Word for word, copy out the data below, omitting pictures.

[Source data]
□ □ □ □ □
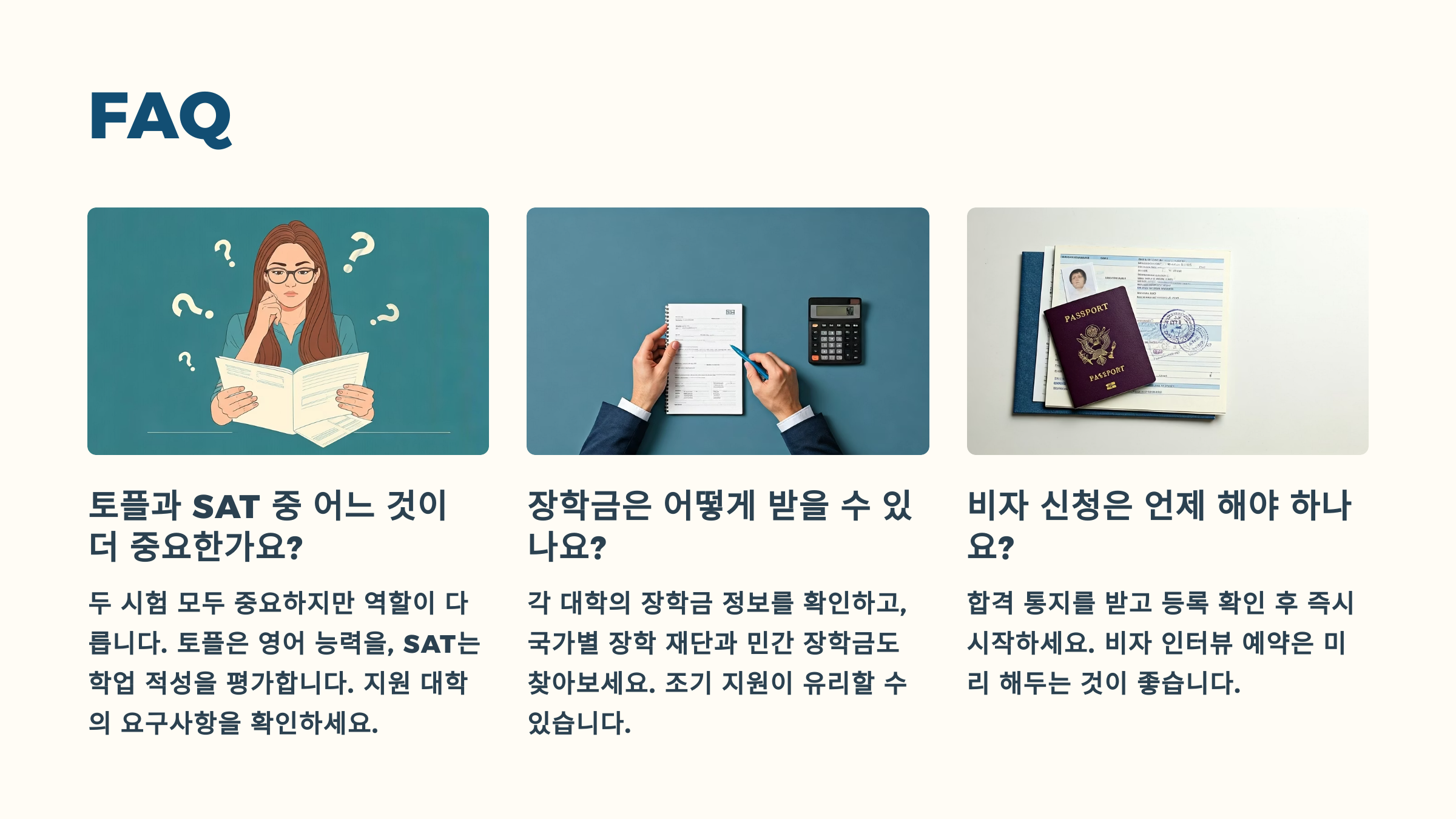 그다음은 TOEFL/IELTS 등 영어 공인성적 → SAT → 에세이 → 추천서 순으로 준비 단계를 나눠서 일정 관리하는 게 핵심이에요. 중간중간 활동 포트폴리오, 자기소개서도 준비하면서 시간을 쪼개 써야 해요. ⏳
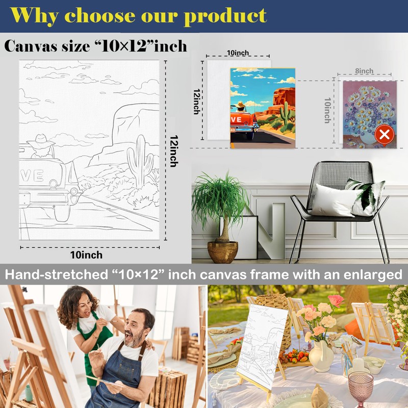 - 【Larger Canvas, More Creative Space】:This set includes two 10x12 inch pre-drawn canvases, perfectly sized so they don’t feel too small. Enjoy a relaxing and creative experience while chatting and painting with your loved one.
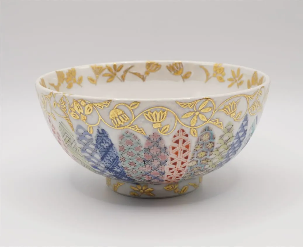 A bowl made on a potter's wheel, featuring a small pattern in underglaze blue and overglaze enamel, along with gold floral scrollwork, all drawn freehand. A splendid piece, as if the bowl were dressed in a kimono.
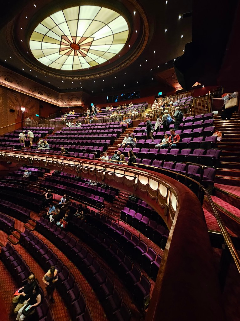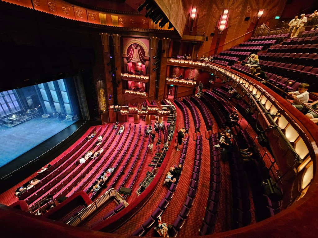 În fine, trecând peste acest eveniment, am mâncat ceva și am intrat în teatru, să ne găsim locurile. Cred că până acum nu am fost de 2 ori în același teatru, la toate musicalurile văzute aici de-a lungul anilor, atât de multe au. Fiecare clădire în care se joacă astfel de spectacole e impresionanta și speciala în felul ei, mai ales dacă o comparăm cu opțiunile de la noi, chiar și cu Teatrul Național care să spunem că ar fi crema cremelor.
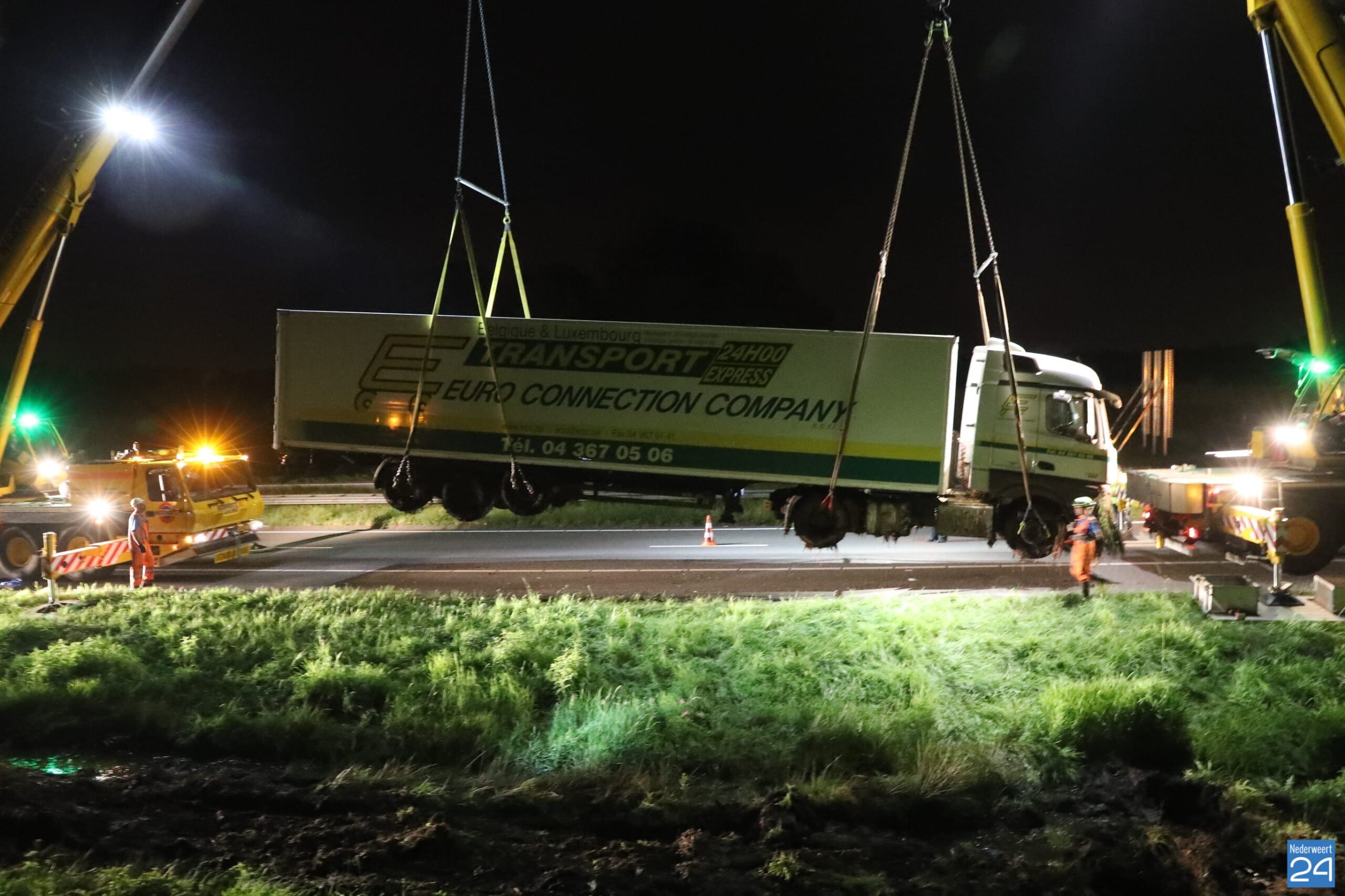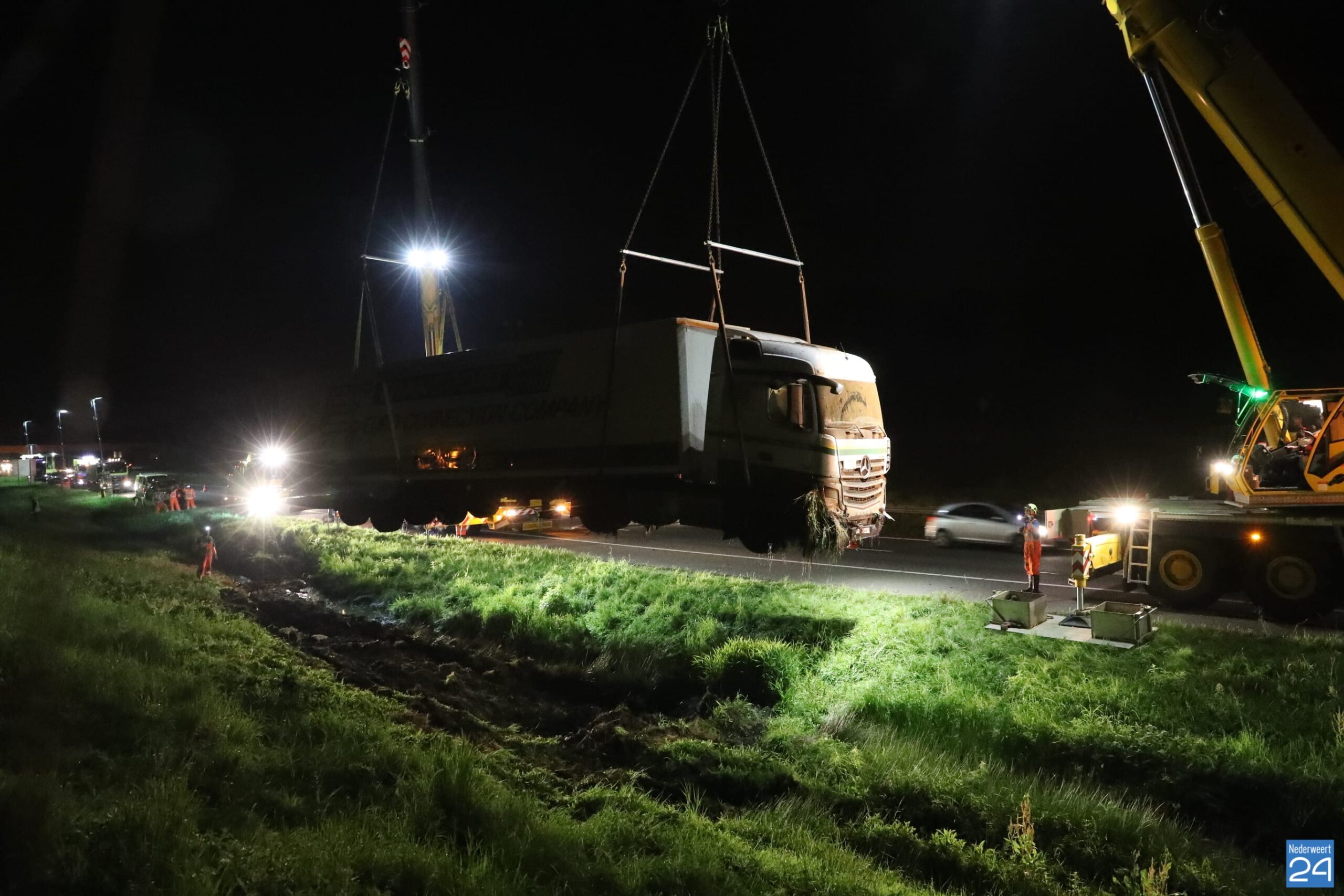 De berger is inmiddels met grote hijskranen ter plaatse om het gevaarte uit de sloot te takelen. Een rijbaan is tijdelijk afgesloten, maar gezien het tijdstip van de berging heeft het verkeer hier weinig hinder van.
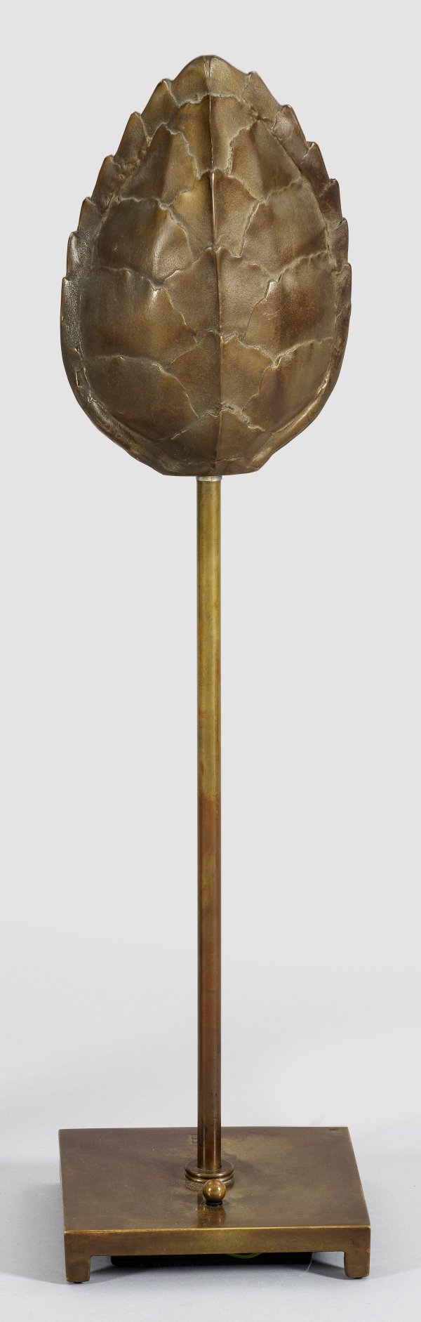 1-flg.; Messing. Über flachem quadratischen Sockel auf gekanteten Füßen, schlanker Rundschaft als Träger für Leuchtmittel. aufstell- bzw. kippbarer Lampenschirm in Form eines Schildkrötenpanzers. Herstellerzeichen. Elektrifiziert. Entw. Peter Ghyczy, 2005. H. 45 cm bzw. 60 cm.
□ □ □ □ □
_RESPONSE TO THE TASK_
 그다음은 TOEFL/IELTS 등 영어 공인성적 → SAT → 에세이 → 추천서 순으로 준비 단계를 나눠서 일정 관리하는 게 핵심이에요. 중간중간 활동 포트폴리오, 자기소개서도 준비하면서 시간을 쪼개 써야 해요. ⏳
 - 【Larger Canvas, More Creative Space】:This set includes two 10x12 inch pre-drawn canvases, perfectly sized so they don’t feel too small. Enjoy a relaxing and creative experience while chatting and painting with your loved one.
 A bowl made on a potter's wheel, featuring a small pattern in underglaze blue and overglaze enamel, along with gold floral scrollwork, all drawn freehand. A splendid piece, as if the bowl were dressed in a kimono.
 În fine, trecând peste acest eveniment, am mâncat ceva și am intrat în teatru, să ne găsim locurile. Cred că până acum nu am fost de 2 ori în același teatru, la toate musicalurile văzute aici de-a lungul anilor, atât de multe au. Fiecare clădire în care se joacă astfel de spectacole e impresionanta și speciala în felul ei, mai ales dacă o comparăm cu opțiunile de la noi, chiar și cu Teatrul Național care să spunem că ar fi crema cremelor.
 De berger is inmiddels met grote hijskranen ter plaatse om het gevaarte uit de sloot te takelen. Een rijbaan is tijdelijk afgesloten, maar gezien het tijdstip van de berging heeft het verkeer hier weinig hinder van.
 1-flg.; Messing. Über flachem quadratischen Sockel auf gekanteten Füßen, schlanker Rundschaft als Träger für Leuchtmittel. aufstell- bzw. kippbarer Lampenschirm in Form eines Schildkrötenpanzers. Herstellerzeichen. Elektrifiziert. Entw. Peter Ghyczy, 2005. H. 45 cm bzw. 60 cm.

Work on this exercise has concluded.